Leave out pictures; repeat exactly the lines from the "Dass dies ein" line through the last of the data below.

***** Data segment

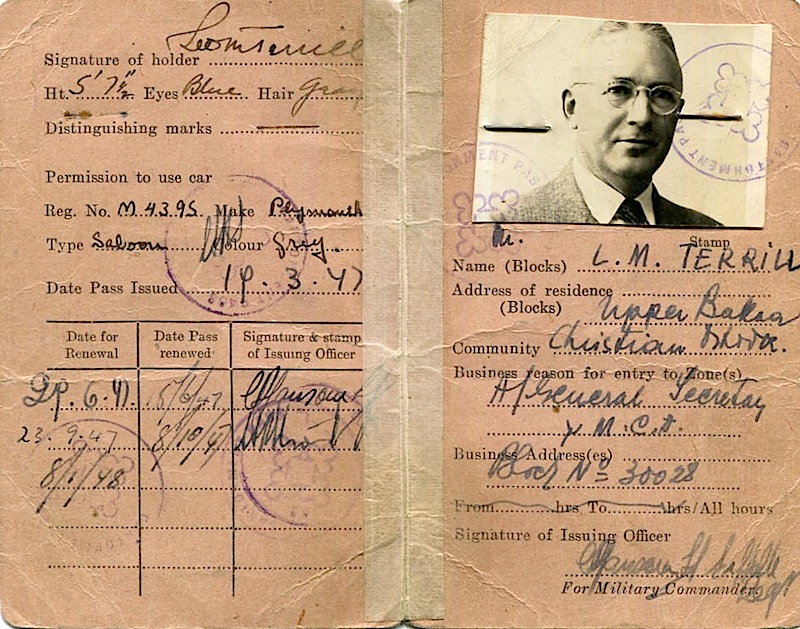 Palestine Jerusalem Business Pass YMCA 1947-1 Inside
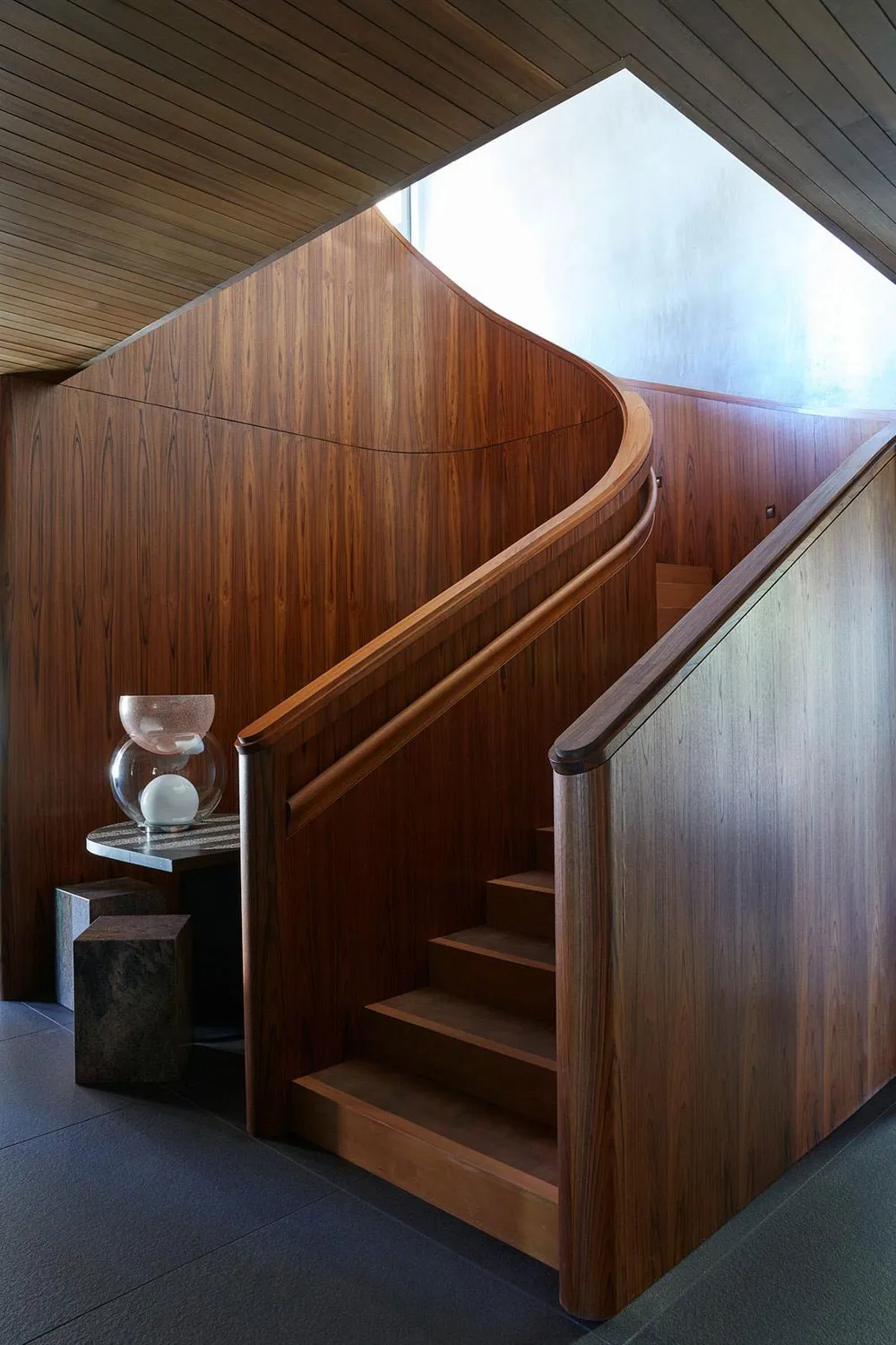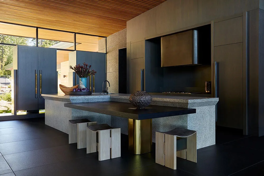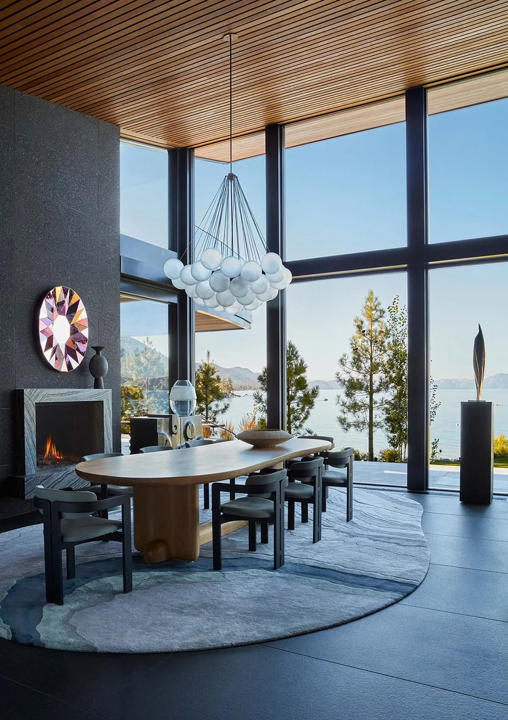 Dass dies ein luxurioser und beeindruckender Haus ist, zeigt bereits die Wohnzimmerfläche – ein offenes 150 Quadratmeter großes Raum mit unglaublich hohen Decken und glasklaren Wänden, die auf den Tahoe-See hinausragen.
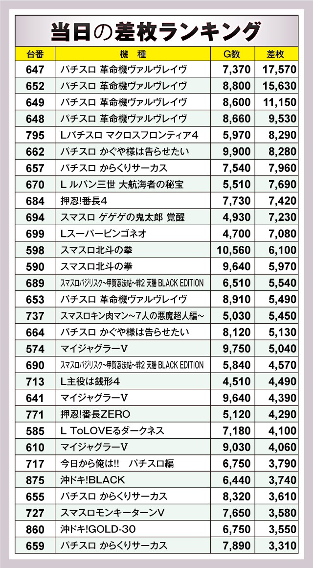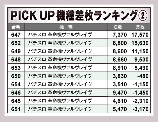 この日は、人気のスマスロを中心に好調台を多数確認。そんな中、圧巻のパフォーマンスを披露していたのが『パチスロ 革命機ヴァルヴレイヴ』であった。647番台の+17,570枚を筆頭に万枚超が続出、続く4位も万枚目前の+9,530枚を記録しランキング上位を独占する盛況ぶりを見せている。

**********

▶ _Written solution_
 Dass dies ein luxurioser und beeindruckender Haus ist, zeigt bereits die Wohnzimmerfläche – ein offenes 150 Quadratmeter großes Raum mit unglaublich hohen Decken und glasklaren Wänden, die auf den Tahoe-See hinausragen.
 この日は、人気のスマスロを中心に好調台を多数確認。そんな中、圧巻のパフォーマンスを披露していたのが『パチスロ 革命機ヴァルヴレイヴ』であった。647番台の+17,570枚を筆頭に万枚超が続出、続く4位も万枚目前の+9,530枚を記録しランキング上位を独占する盛況ぶりを見せている。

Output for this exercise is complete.